19. The wind turbine foundation structure according to claim 16, further comprising at least one of: the building material contains cement, or the building material has a water/cement ratio of less than 0.45, or the building material has a strength class of at least C40/50 according to EN 206 and EN 1992, or the building material has a pore content of air voids of less than 5%, or the building material has a cement content of at least 350 kg/m.sup.3, or in a mercury pressure porosimetric measurement, the building material has a porosity P.sub.28d of less than 12 vol %, and P.sub.90d of less than 10 vol %.

20. The wind turbine foundation structure according to claim 16, wherein the wall is mechanically prestressed with a prestressing force of more than 5% of a compressive strength of the wall.

21. The wind turbine foundation structure according to claim 16, further comprising at least one of the following: the building material is metal-reinforced, or the building material comprises concrete reinforced with a reinforcement, and the reinforcement, at 98% of all measuring points, has not less than 26 mm concrete cover, or the building material is reinforced with ferritic stainless reinforcing steel having a chromium content which does not exceed 18 M %, and optionally contains molybdenum, or the building material is reinforced with austenitic stainless reinforcing steel which contains at least 5 M % to 14 M % nickel and 12 M % to 22 M % chromium, or the building material is reinforced with ferritic-austenitic stainless reinforcing steel which contains at least 18 M % chromium, 2 M % to 8 M % nickel, and optionally molybdenum.

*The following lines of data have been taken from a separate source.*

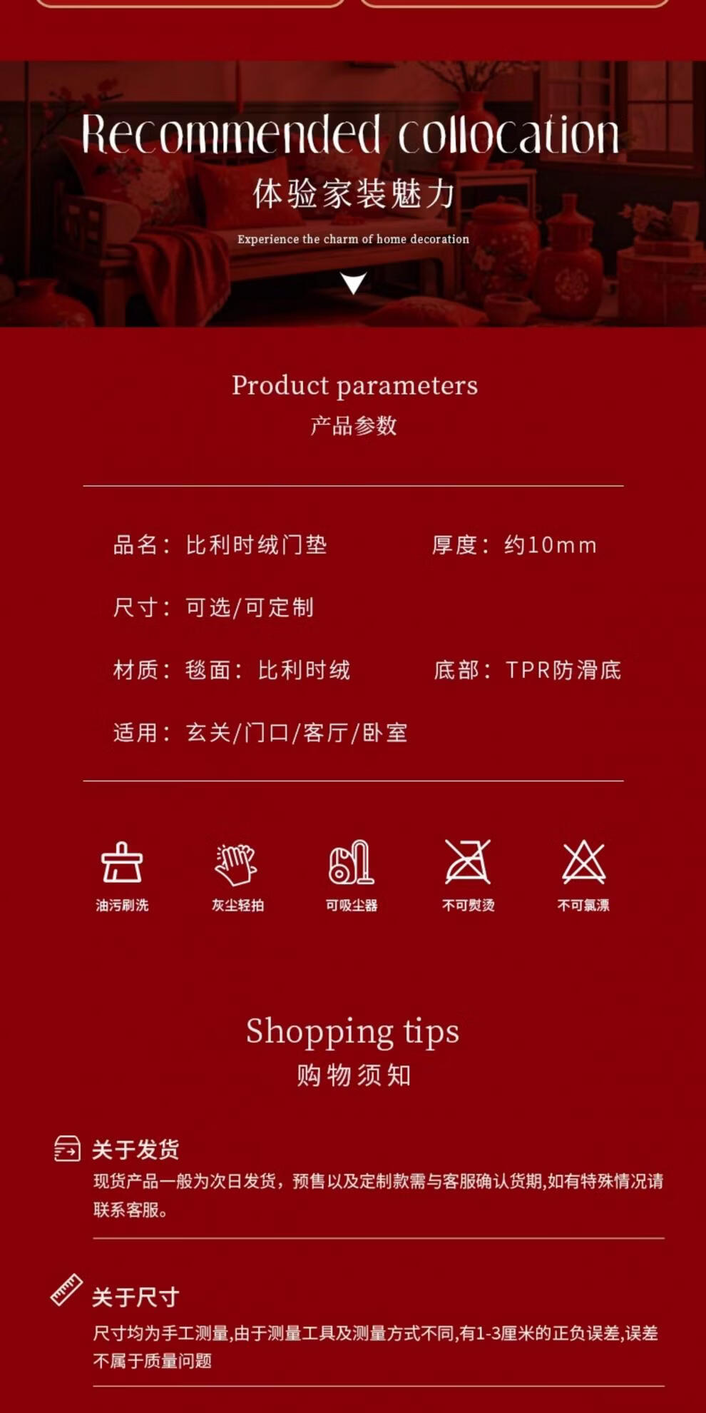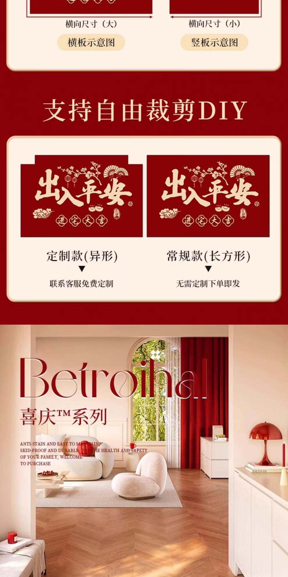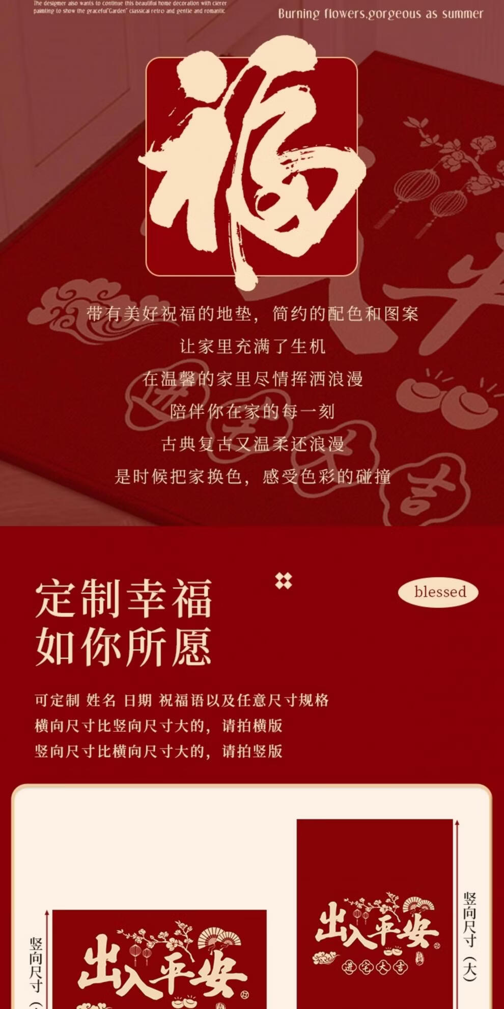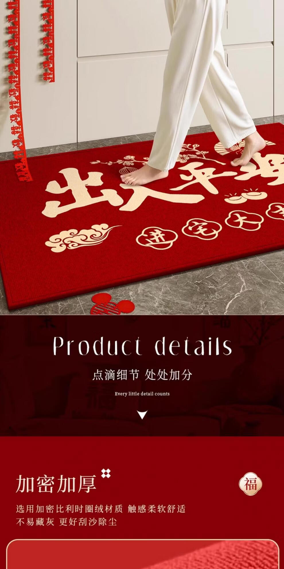 DONOYA 多罗亚2026马年地垫入户门垫红色喜庆门口入户地垫玄关入户门地垫 马年柿柿如意QR-4105 1cm*1cm 定制联系客服改价
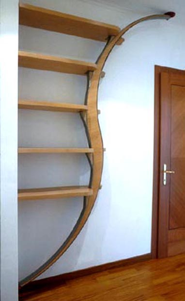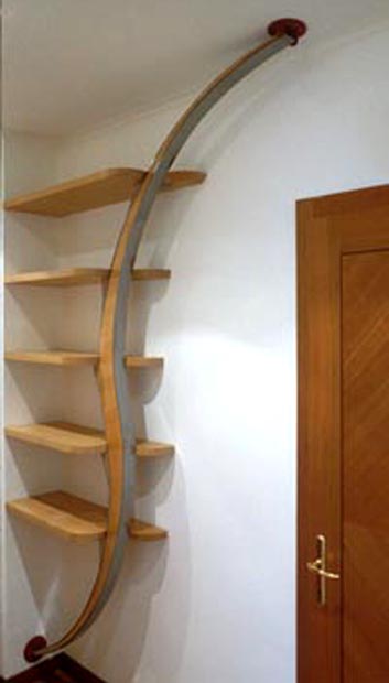 Il modello in questione, progettato e costruito dal Sig. Roberto Poleggi, riguarda una struttura modulare dalla linea innovativa le cui forme curve distanziate tra loro, si legano centralmente in senso contrario, il tutto da destinare a varie funzioni come libreria o piani per riporre oggetti. Alle sue estremità, sia in alto che in basso, è posizionato un particolare snodo fissato su piedini metallici di forma circolare muniti di due fori atti ad assicurarne il perfetto ancoraggio a pareti e soffitti. L’interno della struttura metallica, a fini estetici, è rivestito di legno così come le mensole, vantaggiosamente contornate da una rifinitura decorativa in plastica che ne delimita la forma. Le parti finali delle mensole anch’esse in legno, sono modellate in perfetta simmetria con la struttura principale dove piccole basi metalliche ne consento l’appoggio. Ogni singolo accessorio, è rivestito da legno pregiato rifinito con motivi decorativi in plastica con lo scopo di delimitarne le forme. La parte finale delle mensole è ancorata alla struttura muraria, ognuna di loro munita di un apposito meccanismo a scorrimento situato al proprio interno. Con la struttura qui rappresentata è possibile creare motivi semplici oppure complessi al fine di arredare qualsiasi spazio disponibile. Se siete quindi interessati a questo geniale accessorio e desiderate ricevere informazioni più dettagliate, contattateci ai nostri recapiti telefonici indicati a fine pagina oppure scriveteci utilizzando l’apposito
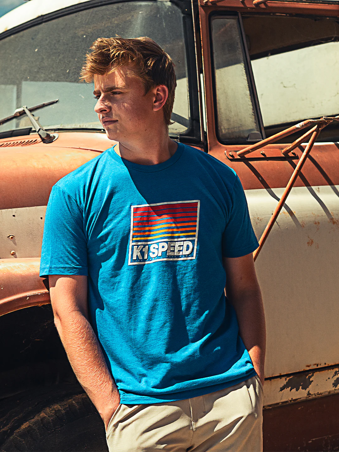 If you’re looking for a shirt that features retro summer vibes, look no further than the Delta t-shirt from K1 Speed. This royal blue shirt features a vintage-inspired color gradient with shades of red, orange and yellow, with K1 Speed in a sleek font and "Live Fast Race Fast" underneath. The shirt is made of high-quality cotton and comes in various sizes for men. The Delta shirt is perfect for adding some color and style to your track day or casual wear.
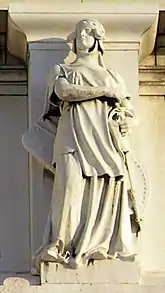 - Феррара. Лира в руке этой фигуры, атрибут Аполлона, символизирует просвещенный двор герцогов Эсте, давший пристанище Торквато Тассо и Лудовико Ариосто.

22. The wind turbine foundation structure according to claim 16, wherein the top end face is metallically reinforced.

23. The wind turbine foundation structure according to claim 22, wherein a metallic reinforcement projects out of the top end face.

24. The wind turbine foundation structure according to claim 23, wherein the metallic reinforcement projects out of the top end face completely circumferentially out of the top end face.

25. The wind turbine foundation structure according to claim 16, wherein the hollow structural element is reinforced with a reinforcement, and a density of the reinforcement in an end region of the hollow structural element is greater than in a central region of the hollow structural element.

26. The wind turbine foundation structure according to claim 16, wherein an inner diameter of the wall in an end region of the hollow structural element increases towards the top end face.

27. The wind turbine foundation structure according to claim 26, wherein the inner diameter of the wall increases conically.

28. The wind turbine foundation structure according to claim 16, wherein a radially inwardly pointing stop is formed on an inner lateral surface of the wall in an end region of the hollow structural element.

29. The wind turbine foundation structure according to claim 16, wherein a radially outwardly facing collar is formed on an outer lateral surface of the wall in an end region of the hollow structural element.

30. The wind turbine foundation structure according to claim 16, wherein the building material is sealed.

31. The wind turbine foundation structure according to claim 30, wherein the building material is sealed with a sealing foil.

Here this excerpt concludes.